MAY 2013


31st May 2013 - New book


Mike Valmarr

Publisher's description : Hypnosis as a treatment for Tremors - is a excellent book, loaded with information. It will be released as a soft cover soon. This is a excellent book for anyone suffering with tremors. It starts off explaining what tremors are, what is Parkinsons, and what can be done with hypnosis as a cure. It is a smaller book, but explains everything in a easy to read format. I have kept this book short, and to the point. It is neither boring, or dull. You will better understand the different types tremors, and what causes them. You will understand the part that hypnosis plays in controlling your issue. The whole process is explained, and should answer any questions that you have about tremors, and its treatment.
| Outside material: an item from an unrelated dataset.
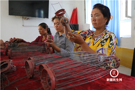 新疆民生网(李周樾)“阿达西(朋友的意思),再往上一点点,就那里……”9月27日,昂巴尔村,村民玛木提小组的村口,艾海提正忙活着挂国旗,老母亲和妻子在下面指挥着,不一会儿鲜艳的国旗就悬挂好了,伴着大红灯笼左右摇曳,显得格外喜庆。看着红彤彤的大红灯笼,艾海提一家感叹道:“真想不到大伙儿的手艺这么好,连灯笼都做的那么漂亮。”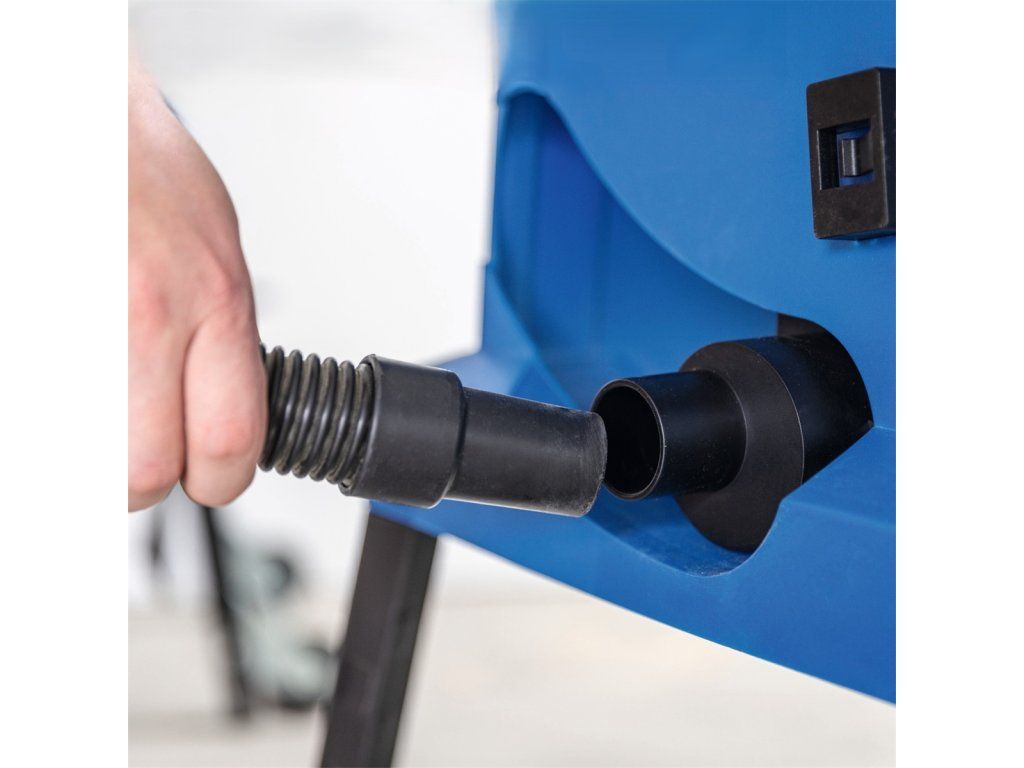 Praktickým bonusem je také integrovaný otvor pro připojení odsavače pilin, díky kterému udržíte pracovní prostor čistší a přehlednější. Stabilitu při práci zajišťuje robustní základna z masivního ocelového plechu s výškou 880 mm, která zároveň podporuje ergonomický pracovní postoj.

Click here for more details. For more books concerning Parkinson's Disease go to Parkinson's Disease Books.


21st May 2013 - New research


Annals of Neurology [2013] May 9 [Epub ahead of print] (Nielsen SS, Franklin GM, Longstreth WT, Swanson PD, Checkoway H.)   Complete abstract

Nicotine has long been known to reduce the risk of Parkinson's Disease. So researchers assessed whether the risk of Parkinson's Disease is associated with the consumption of nicotine-containing vegetables edibles from the same botanical family as tobacco, Solanaceae, which includes peppers, tomatoes, and potatoes.

When people with Parkinson's Disease were compared with those people that did not have it, Parkinson's Disease was found to be less likely in those people that ate more peppers, tomatoes, tomato juice, and potatoes during adulthood. An association was also found for just peppers. The likelihood of developing Parkinson's Disease was an average of 81% as likely, and in some people down to 65% as likely. The association was intensified when the nicotine concentration of the vegetables was higher. So it was nicotine that caused the effect. The effect largely occurred in people who had never used tobacco or who had smoked cigarettes for less than 10 years.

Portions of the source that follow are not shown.